Inspired by 9arm-skills.
Source: 9arm-skillsReverse-engineered from real GitHub workflow.
Build a lightweight skill management system for Claude Code agents to load and organize reusable prompt-based skills with automation.
I want you to build a skill management system for Claude Code. This is a personal toolkit that loads prompt-based agent skills on demand.
The core idea: I have a collection of reusable "skills" — each one is a prompt that teaches Claude how to do something specific (like debugging methodology, writing postmortems, doing code reviews). These skills live in a directory structure, organized by category. I want a way to:
1. Store each skill as its own folder with a SKILL.md file that has YAML frontmatter (name and description fields) plus the actual skill prompt/instructions
2. Organize skills into categories: engineering (daily coding work), productivity (workflow tools), personal (my own setup), in-progress (drafts), deprecated (old stuff), and misc (random)

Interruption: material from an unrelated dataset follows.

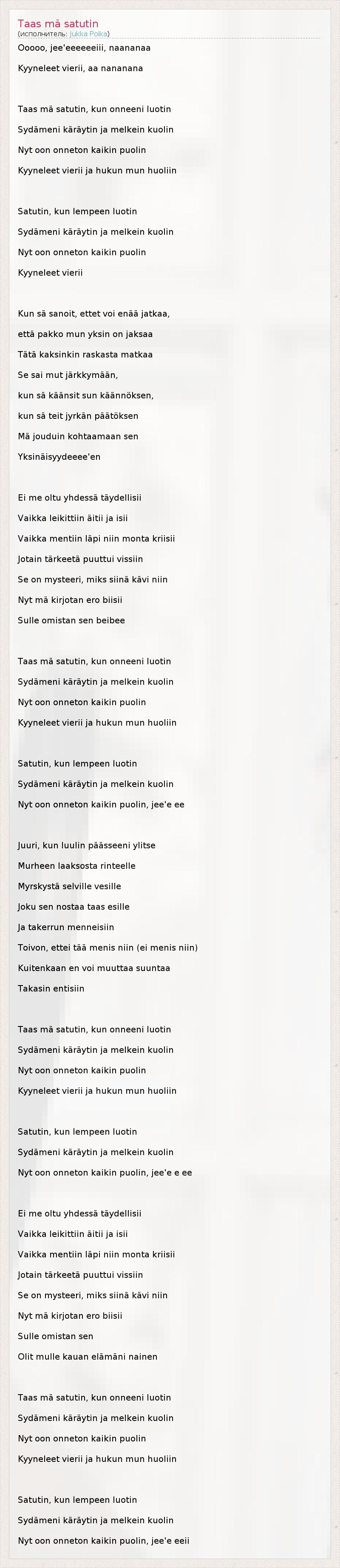 Ooooo, jee'eeeeeeiii, naananaa Kyyneleet vierii, aa nananana Taas mä satutin, kun onneeni luotin Sydämeni käräytin ja melkein kuolin Nyt oon onneton kaikin puolin Kyyneleet vierii ja hukun mun huoliin Satutin, kun lempeen luotin Sydämeni käräytin ja melkein kuolin Nyt oon onneton kaikin puolin Kyyneleet vierii Kun sä sanoit, ettet voi enää jatkaa, että pakko mun yksin on jaksaa Tätä kaksinkin raskasta matkaa Se sai mut järkkymään, kun sä käänsit sun käännöksen, kun sä teit jyrkän päätöksen Mä jouduin kohtaamaan sen Yksinäisyydeeee'en Ei me oltu yhdessä täydellisii Vaikka leikittiin äitii ja isii Vaikka mentiin läpi niin monta kriisii Jotain tärkeetä puuttui vissiin Se on mysteeri, miks siinä kävi niin Nyt mä kirjotan ero biisii Sulle omistan sen beibee Taas mä satutin, kun onneeni luotin Sydämeni käräytin ja melkein kuolin Nyt oon onneton kaikin puolin Kyyneleet vierii ja hukun mun huoliin Satutin, kun lempeen luotin Sydämeni käräytin ja melkein kuolin Nyt oon onneton kaikin puolin, jee'e ee Juuri, kun luulin päässeeni ylitse Murheen laaksosta rinteelle Myrskystä selville vesille Joku sen nostaa taas esille Ja takerrun menneisiin Toivon, ettei tää menis niin (ei menis niin) Kuitenkaan en voi muuttaa suuntaa Takasin entisiin Taas mä satutin, kun onneeni luotin Sydämeni käräytin ja melkein kuolin Nyt oon onneton kaikin puolin Kyyneleet vierii ja hukun mun huoliin Satutin, kun lempeen luotin Sydämeni käräytin ja melkein kuolin Nyt oon onneton kaikin puolin, jee'e e ee Ei me oltu yhdessä täydellisii Vaikka leikittiin äitii ja isii Vaikka mentiin läpi niin monta kriisii Jotain tärkeetä puuttui vissiin Se on mysteeri, miks siinä kävi niin Nyt mä kirjotan ero biisii Sulle omistan sen Olit mulle kauan elämäni nainen Taas mä satutin, kun onneeni luotin Sydämeni käräytin ja melkein kuolin Nyt oon onneton kaikin puolin Kyyneleet vierii ja hukun mun huoliin Satutin, kun lempeen luotin Sydämeni käräytin ja melkein kuolin Nyt oon onneton kaikin puolin, jee'e eeii

3. Provide two simple shell scripts: one that symlinks all shippable skills into ~/.claude/skills/ so Claude Code can load them automatically, and another that lists all SKILL.md files in the repo as a quick reference
The skills I want to create as examples:
- debug-mantra: A four-step debugging discipline (reproduce → trace → falsify → cross-reference) that recites verbatim at session start
- post-mortem: A format for writing canonical engineering records of fixed bugs with root cause, mechanism, fix, validation
- scrutinize: An outsider-perspective review skill for plans, PRs, and code changes that questions intent and traces actual code paths
- management-talk: Rewrite engineer content for leadership audiences across different channels (JIRA, Slack, email, etc.)
Use shell scripts to automate the symlink installation and listing. Keep the directory structure simple and self-documenting. Include a .gitignore to ignore symlinks and compiled artifacts, plus a CLAUDE.md that explains how Claude Code should integrate with this repo.
The goal is to make a lightweight prompt library that Claude Code agents can consume directly, with zero friction to add new skills or update existing ones.